Throughout the decades the Mission Hill Post was a wonderful asset to the neighborhood, raising thousands of dollars for veterans groups and supporting the Mission Hill Little League and other Hill undertakings. At the party, bartender Paddy Gleeson, who operated the Post for many years, received a standing ovation. Paddy’s sister, Annette Gleeson, incidentally, did a great job decorating the Post with Christmas ornaments for the party. Kevin McNulty, who did a fine job as the Post’s last Commander, quietly sipped a beer at the parting celebration. Charley Kelly a wonderful man, was also sipping a beer. Charley is a World War ll veteran, who grew up on the Hill. He graduated from Mission High School in 1943.
I’ve been a member of the Post for 40 years and the memories are many. In the 1980s I always went to the Post on Wednesday nights because Jim “Thunder” Prendergast was the bartender. Jim, also a World War ll veteran, was quiet but I loved to hear him spin his anecdotes.

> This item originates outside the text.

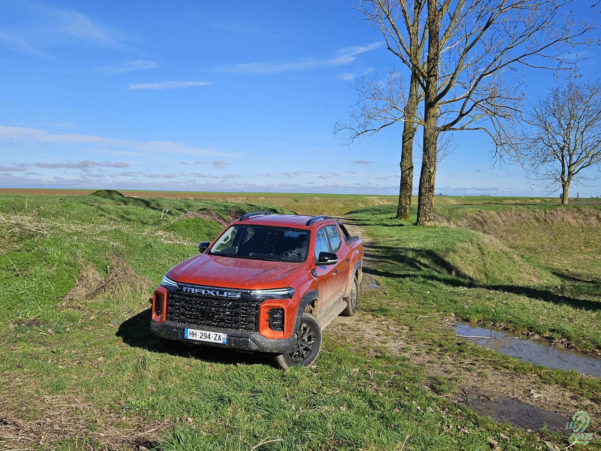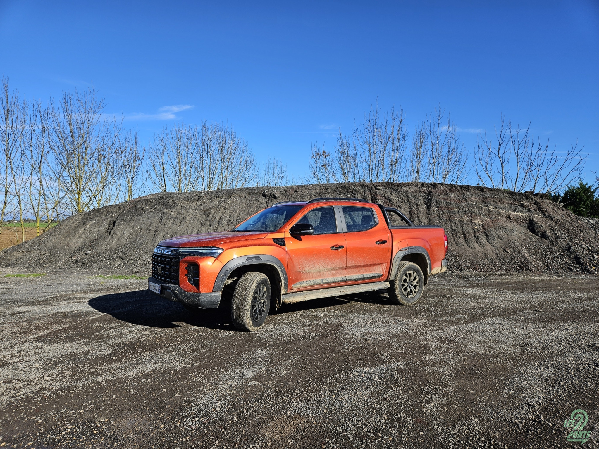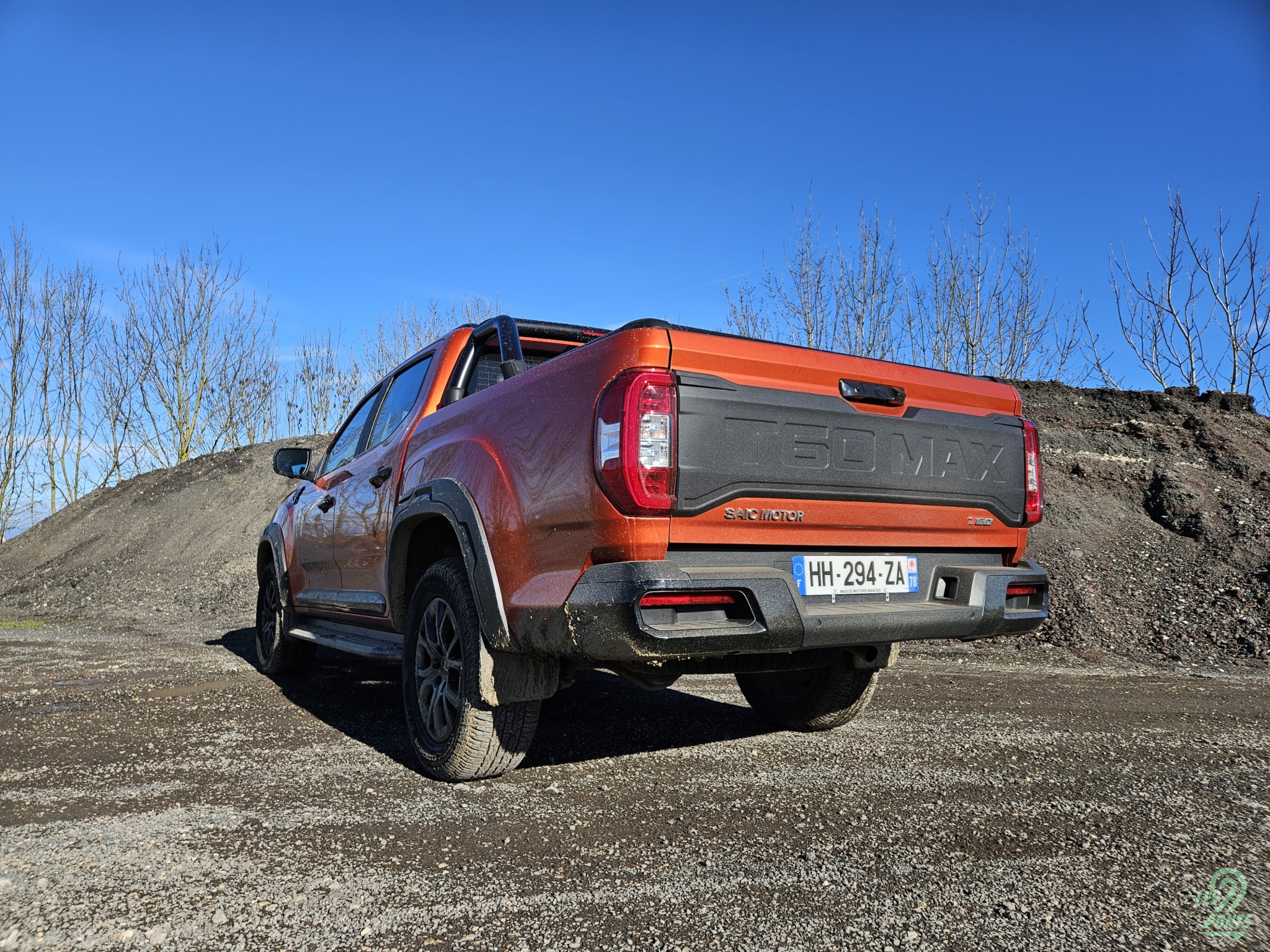En revanche, pas besoin de pianoter pour passer de la propulsion au mode quatre roues motrices. Une molette de commande permet de le faire rapidement. Notre essai est intervenu après de grosses précipitations, il convenait donc de tester le T60 Max dans la boue. Presque un choix osé, tant les pneus Yokohama Geolandar A/T G015 ont semblé limités. Pour leur défense, ce sont des montures toutes saisons adaptées à un usage mixte plus qu’à du tout-terrain. Peut-être pour cela qu’il était nécessaire d’activer les quatre roues motrices à chaque gros passage de boue, et surtout de désactiver les aides. Dans le cas contraire, l’électronique est bien trop intrusive, et la puissance est bien trop muselée, même en sollicitant franchement l’accélérateur. Sur ce point, un Isuzu D-Max est bien plus efficace. La garde au sol du Maxus montre aussi ses limites sur les reliefs. S’il finit par passer, attention au fragile cache plastique sous le moteur.

There were many weddings and after funeral gatherings at the Post, tears, and joy. Col. George Rollins was the Post Commander back in the 1990s. The Colonel, from Tobin Court in Mission Hill, had a rousing party at his inauguration with Albert “Dapper” O’Neil as the guest speaker. Dapper, a former Boston City Councilor and from the “Greatest Generation,” gave a fiery speech about veterans and our great country.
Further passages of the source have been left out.